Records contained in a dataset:
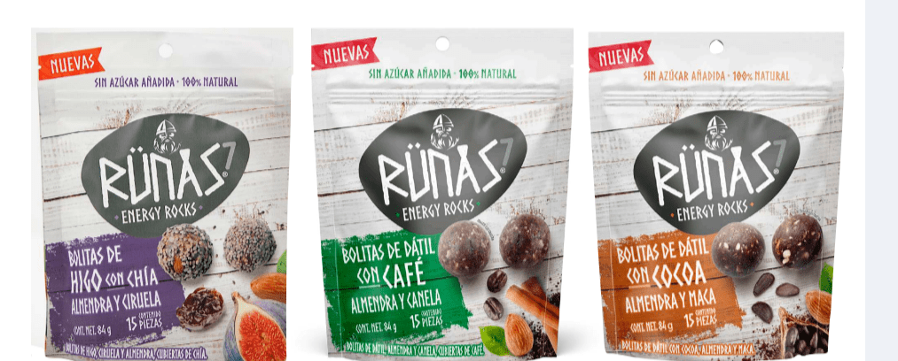 4 paquetes grandes de Runas de 4 sabores diferentes y 6 paquetes chicos 2 de cada sabor .
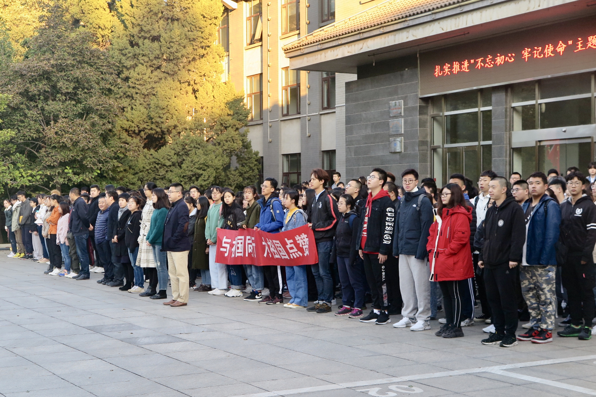 10月14日早7:00,pp电子官方网站举行了“与祖国同行,为祖国点赞”主题升国旗仪式。学院院长赵继新、党委书记王伟宾、党委副书记赵洁、副院长陶晓波,以及学院各年级辅导员和19级全体学生参加了此次仪式。
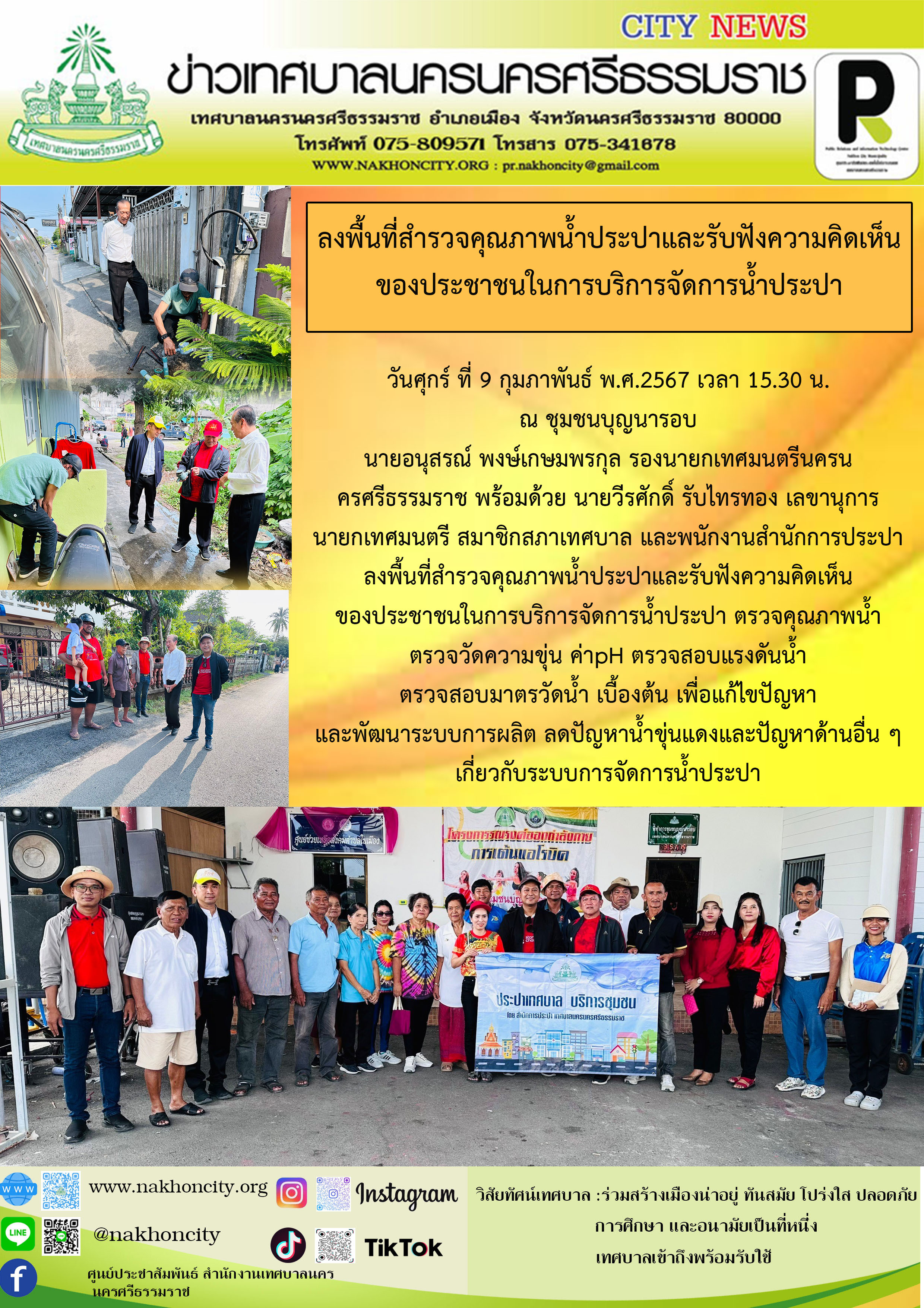นายอนุสรณ์ พงษ์เกษมพรกุล รองนายกเทศมนตรีนครนครศรีธรรมราชลงพื้นที่สำรวจคุณภาพน้ำประปาและรับฟังความคิดเห็น ของประชาชนในการบริการจัดการน้ำประปา |
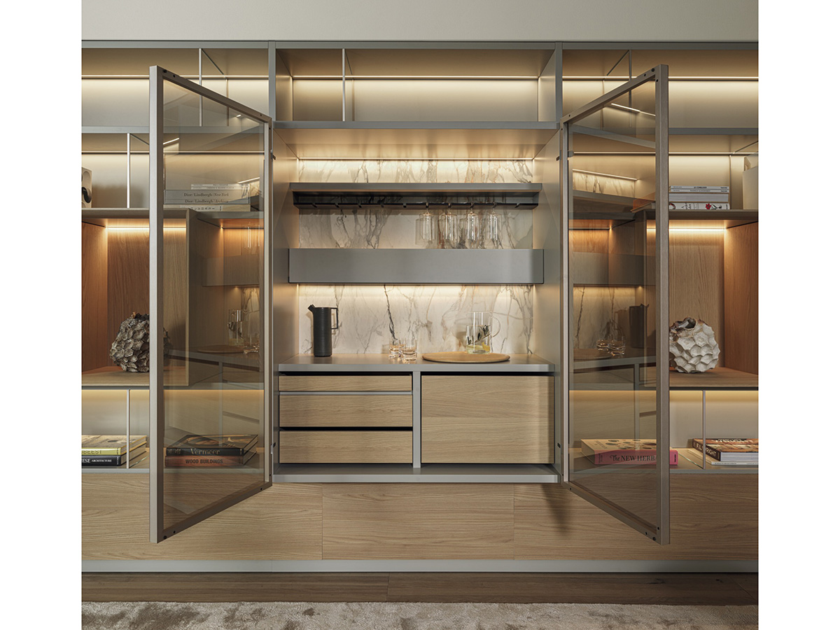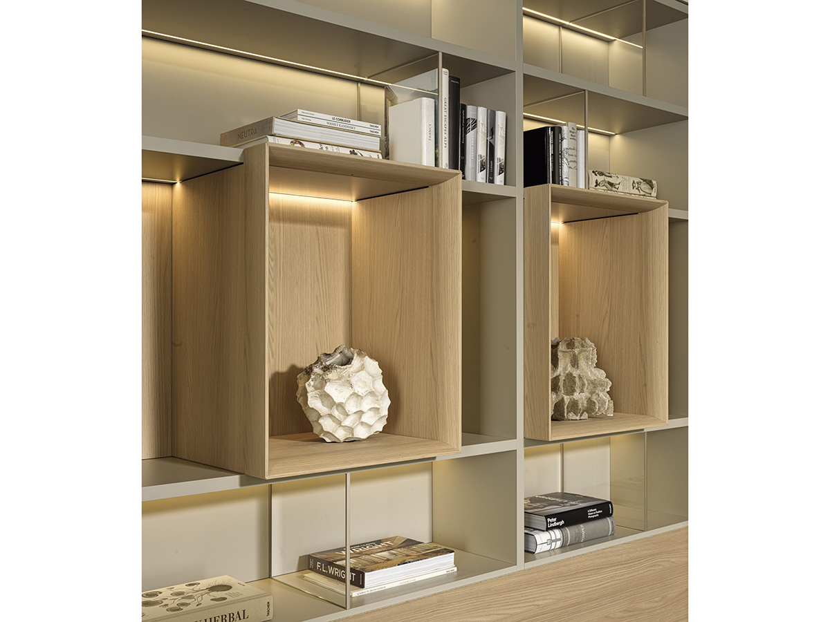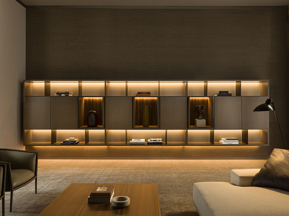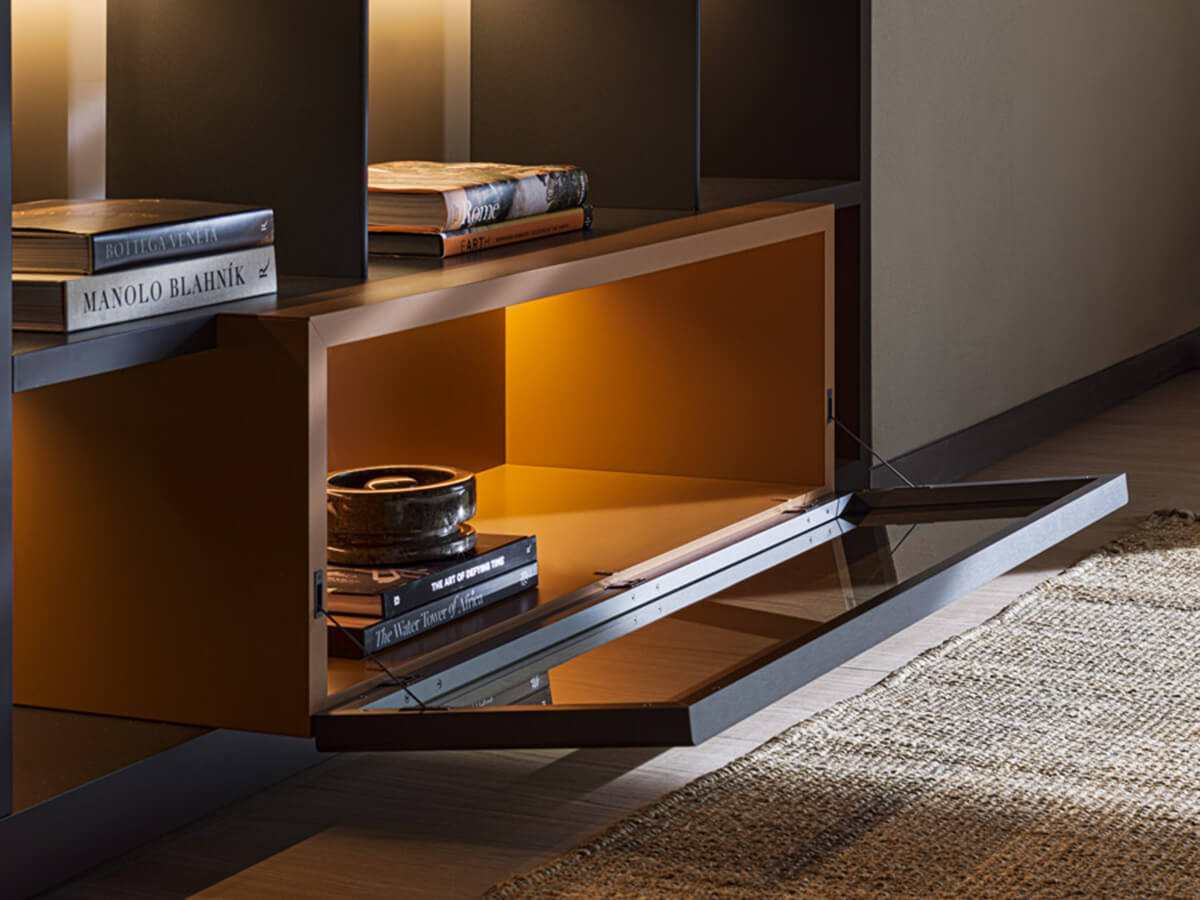 505 Up is the evolution of the classic modular system 505 by Molteni & C. Like its predecessor, it maintains an extreme compositional flexibility that allows it to take on the role of a TV unit, bookshelves or even sideboard placed on the floor, depending on the case. customized compositions thanks to the numerous modular solutions available in the price list. Among the great innovations introduced by 505 Up are the protruding Display storage units, which allow the creation of more captivating and dynamic TV units thanks to the introduction of projecting showcase elements, thus escaping the monotony of the classic "grid" of shelves.
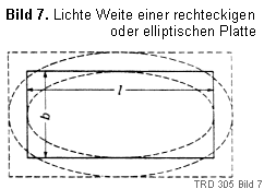 | l | lange Seite rechteckiger Platten bzw. lange Achse elliptischer Platten (Bild 7) oder lange Seite von Rechtecken, die innerhalb von freien unversteiften Flächen verankerter ebener Wandungen eingezeichnet werden können (Bilder 8a und 8b) | mm |
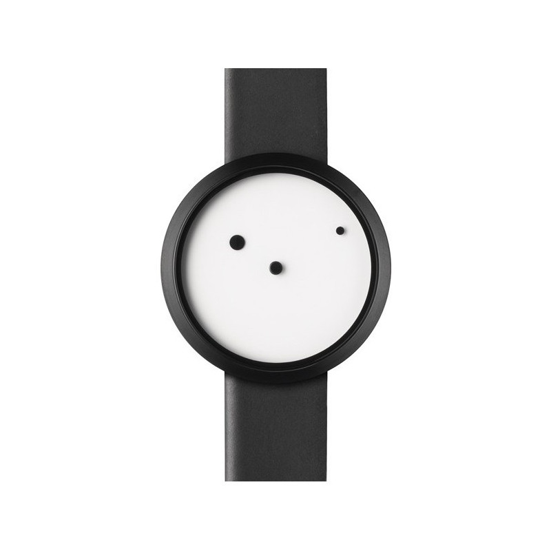 Space and minimalist, Ora Lattea is of absolute sobriety. Design Guidone , Milanese designer who has designed for Nava Design love these simple and expressive forms . How imagine a watch with simple shapes ( circles, surfaces , materials ) to obtain a very identity result is all the talent of Denis Guidone . 2 points in rotation about an axis point on a wide white dial indicate the hour and minute in a spatial atmosphere of planets rotating about an axis . Stainless steel , Ø36mm , isa 1198.101.3 movement . Mineral glass , leather strap , water resistant to 30m .

- Work instructions: Your answer must contain the full data, repeated exactly, without pictures.

- Expected answer:
 4 paquetes grandes de Runas de 4 sabores diferentes y 6 paquetes chicos 2 de cada sabor .
 10月14日早7:00,pp电子官方网站举行了“与祖国同行,为祖国点赞”主题升国旗仪式。学院院长赵继新、党委书记王伟宾、党委副书记赵洁、副院长陶晓波,以及学院各年级辅导员和19级全体学生参加了此次仪式。
นายอนุสรณ์ พงษ์เกษมพรกุล รองนายกเทศมนตรีนครนครศรีธรรมราชลงพื้นที่สำรวจคุณภาพน้ำประปาและรับฟังความคิดเห็น ของประชาชนในการบริการจัดการน้ำประปา |
 505 Up is the evolution of the classic modular system 505 by Molteni & C. Like its predecessor, it maintains an extreme compositional flexibility that allows it to take on the role of a TV unit, bookshelves or even sideboard placed on the floor, depending on the case. customized compositions thanks to the numerous modular solutions available in the price list. Among the great innovations introduced by 505 Up are the protruding Display storage units, which allow the creation of more captivating and dynamic TV units thanks to the introduction of projecting showcase elements, thus escaping the monotony of the classic "grid" of shelves.
 | l | lange Seite rechteckiger Platten bzw. lange Achse elliptischer Platten (Bild 7) oder lange Seite von Rechtecken, die innerhalb von freien unversteiften Flächen verankerter ebener Wandungen eingezeichnet werden können (Bilder 8a und 8b) | mm |
 Space and minimalist, Ora Lattea is of absolute sobriety. Design Guidone , Milanese designer who has designed for Nava Design love these simple and expressive forms . How imagine a watch with simple shapes ( circles, surfaces , materials ) to obtain a very identity result is all the talent of Denis Guidone . 2 points in rotation about an axis point on a wide white dial indicate the hour and minute in a spatial atmosphere of planets rotating about an axis . Stainless steel , Ø36mm , isa 1198.101.3 movement . Mineral glass , leather strap , water resistant to 30m .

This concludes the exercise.